> [Input]:
☆ ☆ ☆ ☆ ☆
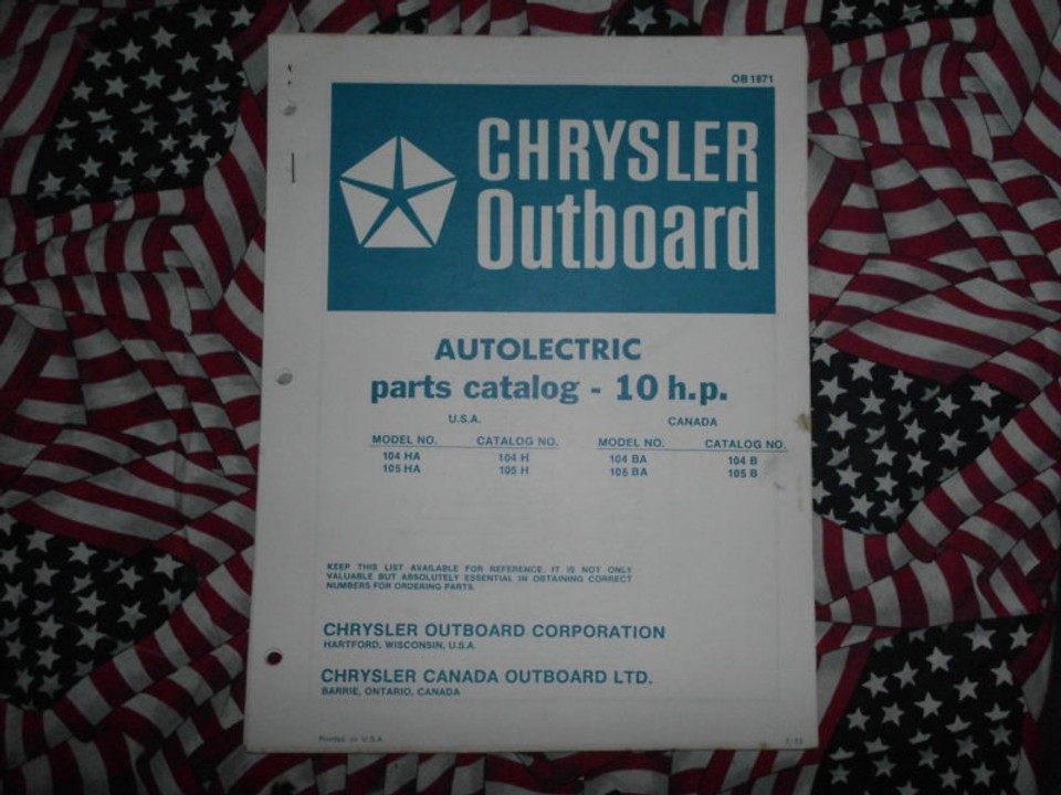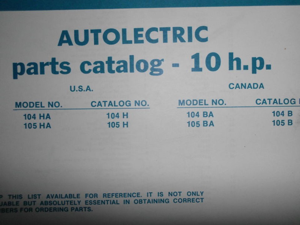 Un catalogue de pieces autolegectriques de 10 HP Chrysler en 1973. Pour les modeles 104 ha, 105ha, 104 b, 105 B. Quoi tu vois est quoi toi volonte recevoir, nous ne le faites pas Utiliser le stock
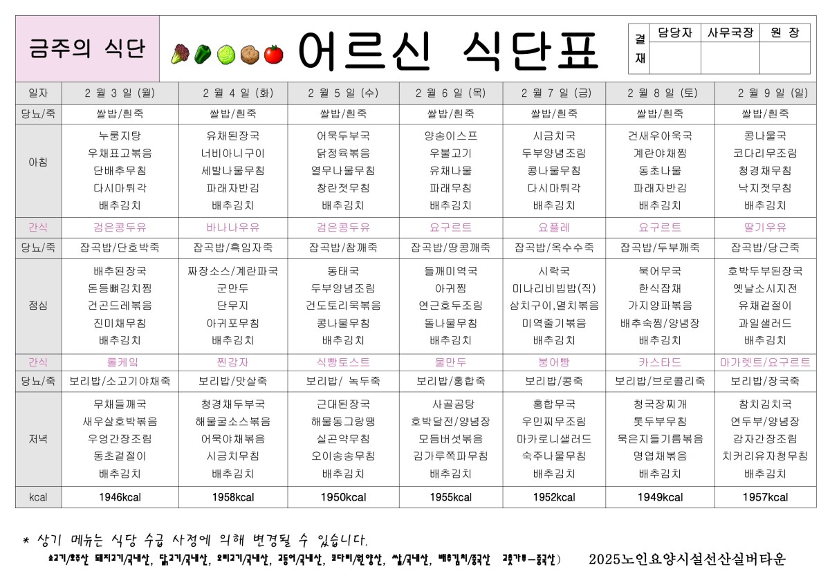 2월 1주 식단표올려드립니다. 페이지 정보 작성자선산실버타운 등록일 2025-01-31 00:00 조회403 본문 2월 1주 식단표올려드립니다. 목록 이전글2월 2주 식단표 올려드립니다. 25.02.07 다음글1월 5주 식단표 올려드립니다. 25.01.24
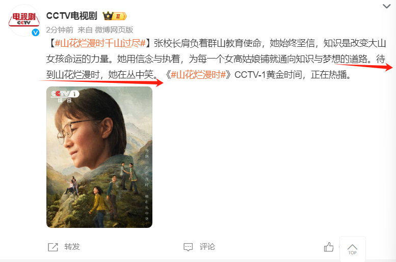 就像CCTV电视剧官博说的一样,待到山花浪漫时,她在丛中笑。
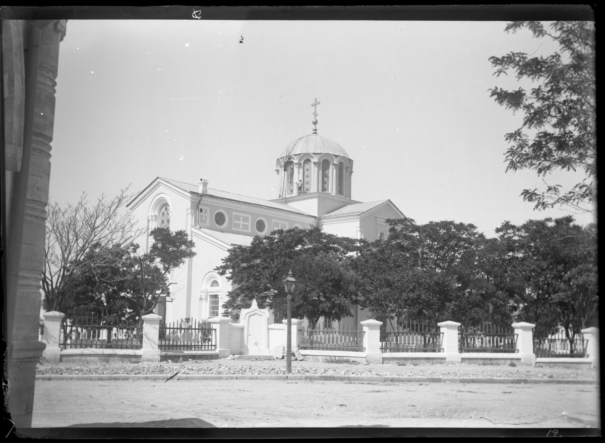 'Kyrka med torn, staket framför. :: :: Ingår i serie med fotonr. 5283:1-19. Se även fotonr. 5269-5292 med bilder från Stuxbergs resa till Kaukasien.'
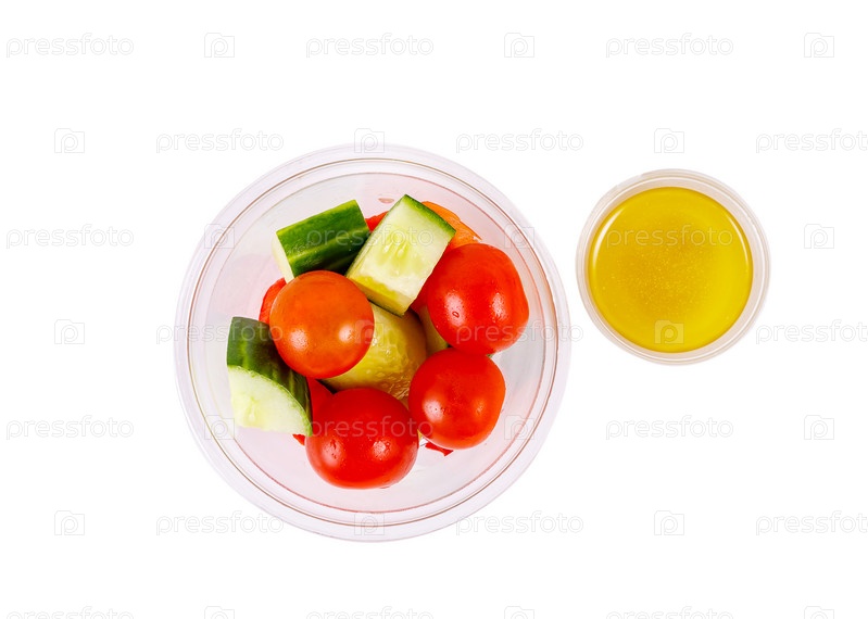 Салат из огурцов, помидоров черри, перца и заправки на белом фоне. Вид сверху. Изолированный
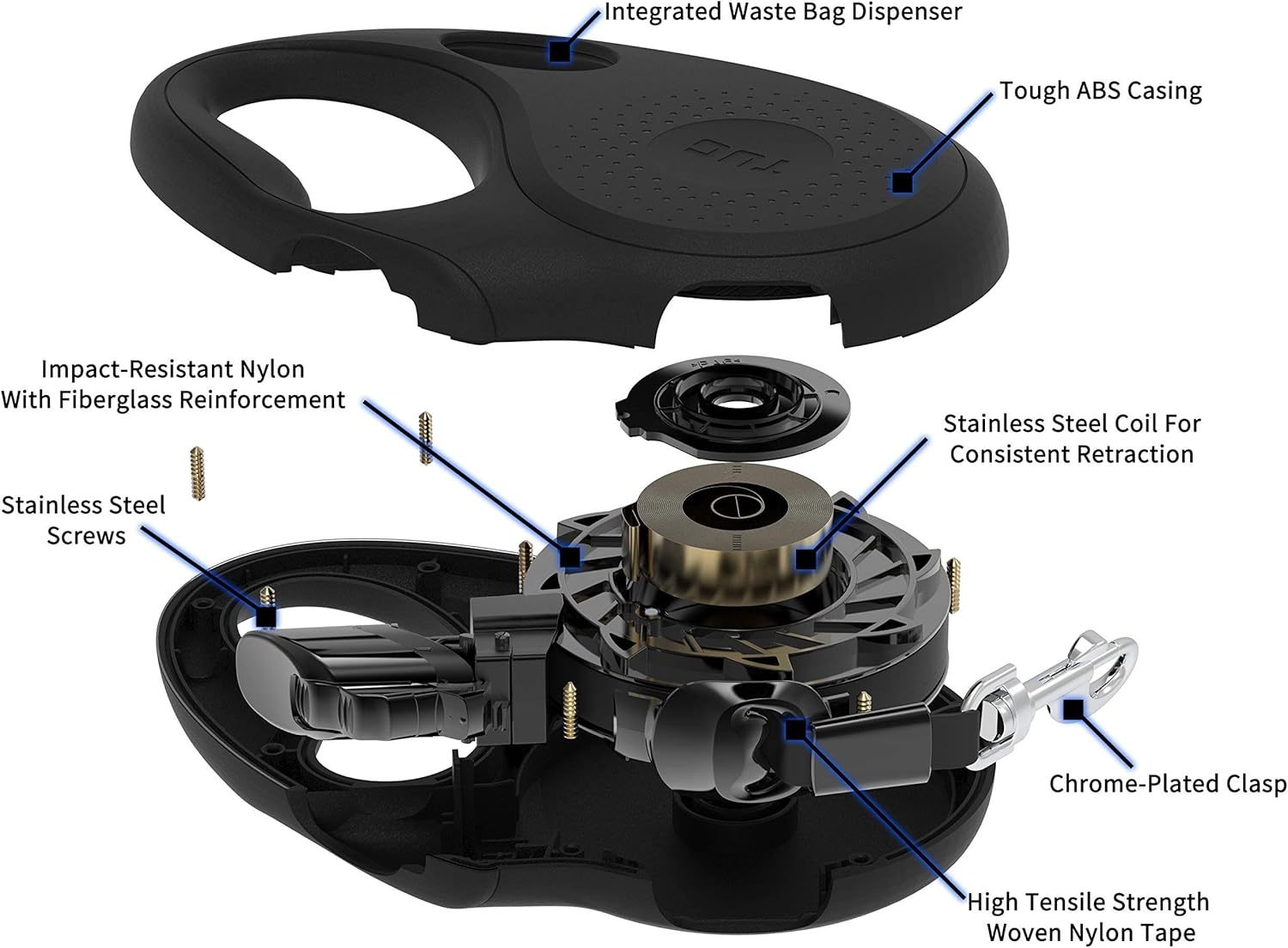 TUG Oval 360° Tangle-Free Retractable Dog Leash with Integrated Waste Bag Dispenser (Small, Black)
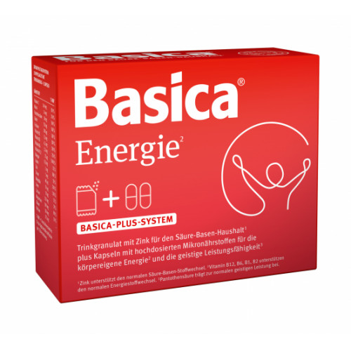 Basica® Energie im praktischen Doppelsachet kombiniert Trinkgranulat mit Kapseln:
☆ ☆ ☆ ☆ ☆
> [Your instructions]:
Return the whole listing exactly, minus its pictures.

> [Result of this exercise]:
 Un catalogue de pieces autolegectriques de 10 HP Chrysler en 1973. Pour les modeles 104 ha, 105ha, 104 b, 105 B. Quoi tu vois est quoi toi volonte recevoir, nous ne le faites pas Utiliser le stock
 2월 1주 식단표올려드립니다. 페이지 정보 작성자선산실버타운 등록일 2025-01-31 00:00 조회403 본문 2월 1주 식단표올려드립니다. 목록 이전글2월 2주 식단표 올려드립니다. 25.02.07 다음글1월 5주 식단표 올려드립니다. 25.01.24
 就像CCTV电视剧官博说的一样,待到山花浪漫时,她在丛中笑。
 'Kyrka med torn, staket framför. :: :: Ingår i serie med fotonr. 5283:1-19. Se även fotonr. 5269-5292 med bilder från Stuxbergs resa till Kaukasien.'
 Салат из огурцов, помидоров черри, перца и заправки на белом фоне. Вид сверху. Изолированный
 TUG Oval 360° Tangle-Free Retractable Dog Leash with Integrated Waste Bag Dispenser (Small, Black)
 Basica® Energie im praktischen Doppelsachet kombiniert Trinkgranulat mit Kapseln:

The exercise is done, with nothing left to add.